For many students, paying for nursing school is one of the most stressful parts of completing your nursing education. Whether you are thinking about working your way through school or tapping into financial aid, you would be wise to investigate all of your options before committing.
There are several factors to consider. We recommend going through the list below, and looking into each aspect of paying for nursing school. This can help you assess your resources and consider the different factors that influence the cost of nursing education, in order to make the best decision about how you are going to proceed.
Choose Your Nursing School Wisely
Your choice of school may have a significant influence on how you pay for your education. Tuition varies from school to school, and though the old adage of "you get what you pay for" may hold true, you may also find that selecting a nursing school that is within your means is best.
Regardless of where you attend, you will want to contact the finance office during your selection process, to ask about tuition, payment plans, work study and other types of financial aid.
For example, federal loans may cover the entire cost of your tuition from a state school or community college, but you may need to seek out additional funding from private sources if you choose to attend a private school.
Additionally, as we learn more about federal regulations changing in response to current events in higher education, it is important to ensure that your nursing school is legally able to receive and disperse federal funds if you need financial aid.
By requesting information from the schools you are looking at, you can decide which one is best for you and your current financial situation.
Once you have selected your nursing school, you can look into some of the outside options, listed below, that can help you pay for nursing school.
Traditional Student Loans & Private Funding
You may apply for student loans through the United States Department of Education by submitting a Free Application for Federal Student Aid (FAFSA) the year before you attend school. You may be eligible for federal loans that are interest-free during your time in nursing school, as well as loans that gain interest while you're enrolled.

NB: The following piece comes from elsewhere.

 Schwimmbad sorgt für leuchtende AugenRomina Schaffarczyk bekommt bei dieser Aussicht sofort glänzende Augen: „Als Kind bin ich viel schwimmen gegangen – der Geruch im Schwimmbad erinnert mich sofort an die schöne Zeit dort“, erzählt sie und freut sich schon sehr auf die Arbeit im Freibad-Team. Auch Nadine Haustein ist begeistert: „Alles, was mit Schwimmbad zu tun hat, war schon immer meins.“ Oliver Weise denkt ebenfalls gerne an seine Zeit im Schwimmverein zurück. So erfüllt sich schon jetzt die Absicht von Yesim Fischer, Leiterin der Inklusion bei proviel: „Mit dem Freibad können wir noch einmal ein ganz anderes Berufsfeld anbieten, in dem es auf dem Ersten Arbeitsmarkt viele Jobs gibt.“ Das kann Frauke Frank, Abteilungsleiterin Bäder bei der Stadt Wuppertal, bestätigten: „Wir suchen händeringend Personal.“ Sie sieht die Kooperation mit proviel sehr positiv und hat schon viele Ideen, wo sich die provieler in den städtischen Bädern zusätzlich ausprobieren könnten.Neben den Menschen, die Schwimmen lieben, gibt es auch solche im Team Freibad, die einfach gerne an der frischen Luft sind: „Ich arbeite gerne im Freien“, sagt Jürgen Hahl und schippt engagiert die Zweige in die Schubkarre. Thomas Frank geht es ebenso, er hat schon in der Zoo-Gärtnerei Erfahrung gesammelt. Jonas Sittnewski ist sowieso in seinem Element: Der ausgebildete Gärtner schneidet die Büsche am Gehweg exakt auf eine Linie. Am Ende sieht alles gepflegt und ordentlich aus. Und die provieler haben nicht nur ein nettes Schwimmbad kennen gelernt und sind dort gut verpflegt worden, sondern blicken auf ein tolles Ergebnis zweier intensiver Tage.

If your tuition exceeds the limits set by the federal government for student loans, you may need to add private loans to your funding efforts. In most cases, student loans from all sources don't require monthly payments until after you graduate. However, making payments while you're in school can reduce the overall cost of your education.

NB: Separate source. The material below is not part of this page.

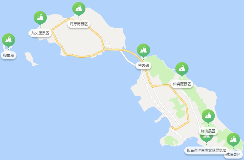 九丈崖景区、月牙湾又称半月湾景区、林海景区、烽山景区、望夫礁景区、仙境源景区、长岛海洋生态展览馆、老海岛事迹陈列馆等。主要景点集中在北长山岛(北线)和南长山岛(南线)上。长岛无岛不秀,无岛不奇,是一处天然的海上大花园。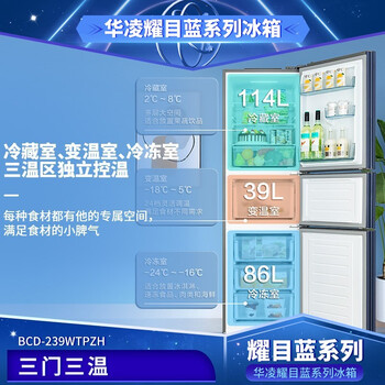 4、华凌BCD-239WTPZH冰箱外形外观:外观高端大气上档次,颜值高,外观很漂亮,颜色时尚,很实用,功能齐全,APP控制,控温精准,制冷效果:制冷效果非常好,制冷快。工作时压缩机声音小,无噪音,容量大小:容量很大,606L大容量,可以存放好多食材,总结:冰箱质量超级好,售后很贴心,绝对有保障,放心购买!外观稳重,看着舒服,颜色满意,内部空间确实够大,设计的很方便,不用担心各种东西放不下了,看了很多款式,最终买了这台,不错。

Tuition Reimbursement from Your Employer
Many companies offer their employees the opportunity to attend school and receive tuition reimbursement if their education directly benefits their role at the company. For example, you may work at a hospital in a support position, and your employer may provide tuition assistance if you choose to return to school to earn your nursing degree.
Tuition reimbursement is also an option for nurses that are returning to school to get an advanced degree, or to go to an RN to BSN program. Since research healthcare facilities
If you think your employer may offer tuition assistance, you'll want to contact the human resources department for information before you enroll in classes. It's important to note that help from tuition often comes in the form of reimbursement, which means you have to pay for the tuition up front and then wait for your company to reimburse you after you've completed your class or training.
Nursing-Specific Tuition Assistance and Scholarships
The U.S. Department of Health and Human Services offers the Nurse Corps Loan Repayment Program that provides up to 60 percent reimbursement of your unpaid student loans. In exchange, you agree to work in a poor or rural area that needs more healthcare professionals like nurses. To be eligible for this program, you must be a licensed RN and meet additional criteria.
The American Association of Colleges of Nursing provides an extensive list of financial aid for nursing students that includes merit-based scholarships, need-based assistance, and traditional loans for students in healthcare programs. It's essential that you seek out these scholarship opportunities early because scholarship deadlines are usually due months in advance of your school start date.
At BestNursingDegree.com we believe that helping nurses get the education they need is an essential part of our work. We offer a $2500 nursing scholarship, awarded four times each year, to help you get through school. You can learn more about past scholarship winners and apply for our nursing scholarship directly from our site.
Do Your Research and Choose the Right Nursing School
If graduating with zero or low student loan debt is important to you, a community college or nursing diploma program might offer you the most cost-effective entry into your nursing education. There are many routes to becoming a nurse, and an associate's degree can get you into the workforce in as little as a few years.
If you are expanding your nursing education, be sure to check into multiple schools, both online and campus based, before you make a final decision.
Paying for nursing school is a personal decision and it's a topic you'll want to discuss with your school advisor, parents, friends, family and nursing school advisors as early as possible. Early action means having the best chance at securing student loans, winning scholarships, and reducing the overall cost of your nursing education.